Tuesday, February 17, 2015

Aghaian v. Minassian (Cal. Ct. App. - Feb. 17, 2015)

You'd ordinarily think that a lawsuit between a citizen of Country X and another citizen of Country X regarding the ownership of property in Country X would be decided in . . . Country X.

Particularly when, as here, one of the defendants resides in Country X and isn't subject to jurisdiction in California.  The fact that a California tribunal wouldn't have the power to change the ownership of the disputed property -- located (again) in Country X -- would seem to lock things down.

Our fancy legal name for that is forum non conveniens.  We generally stay or dismiss lawsuits filed in our forum in that situation in favor of alternative litigation in Country X.

Except when Country X is Iran.

The Court of Appeal notes that Iran might look like a regular civil law country.  But it's exceptionally displeased that -- as is undoubtedly the case -- the judiciary in that country is heavily influenced by the position of the government, and probably doesn't like lawsuits by people (as here) who fled Iran after the overthrow of the Shah and are now trying to get that property back.

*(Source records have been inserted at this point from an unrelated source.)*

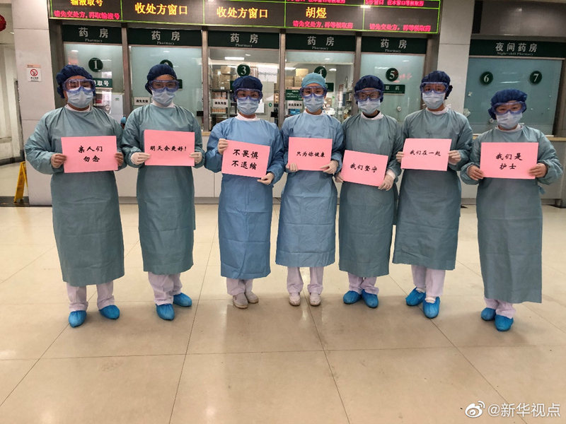 “不畏懼、不退縮”“我們堅守” “親人們,勿念?!背?,武漢同濟醫(yī)院兒科醫(yī)護人員在交班間隙拍了幾張?zhí)貏e的拜年照片發(fā)給家人和同事,為武漢市的醫(yī)務人員加油,也讓家人放心。除夕,本應是闔家團圓的時刻,但因為突如其來的疫情,許多醫(yī)務人員必須堅守在臨床第一線。為了讓父母放心,讓丈夫安心,也為了給全市堅守在最前線的醫(yī)護同行加油鼓勁,今天交班時,她們拍下了這樣一組照片。(記者李勁峰、胡喆)
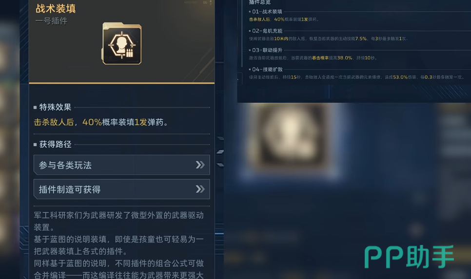 在配件搭配方面,“装束装填”插件与黑火黑克勒高度契合。该插件触发条件为击杀敌人后概率返还子弹,有效缓解了该武器高射速带来的弹药消耗压力。在长时间连续作战场景下,该效果可显著延长持续输出窗口,避免因换弹中断节奏,从而提升整体续航能力与实战容错率。
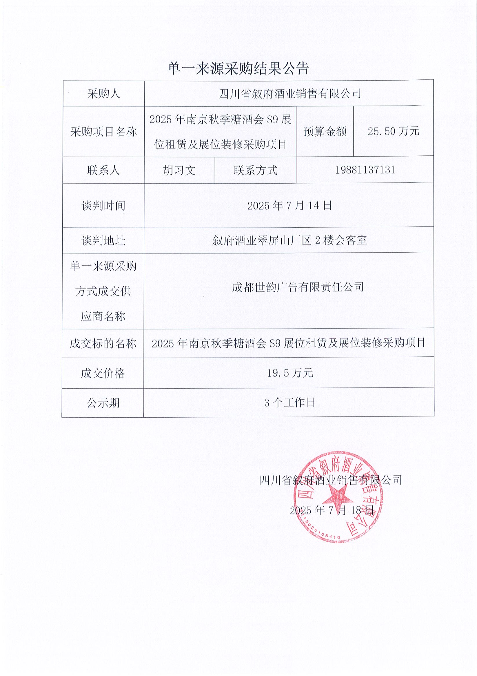四川省敘府酒業(yè)銷售有限公司2025年南京秋季糖酒會(huì)S9展位租賃及展位裝修采購(gòu)項(xiàng)目結(jié)果公示公告

Plus there's the fact that the plaintiffs here aren't Muslim, and that one of them (gasp!) is a woman.

There's substantial reason to believe that Iranian courts aren't going to like that.  Especially when those tribunals have an express rule that the testimony of a woman is only worth half that of a man.

Iran can, of course, have whatever type of judiciary it'd like.  But when the remedy there amounts to "no remedy at all," we can refuse to dismiss lawsuits on forum non conveniens grounds.

As the Court of Appeal does here.  Reversing the trial court.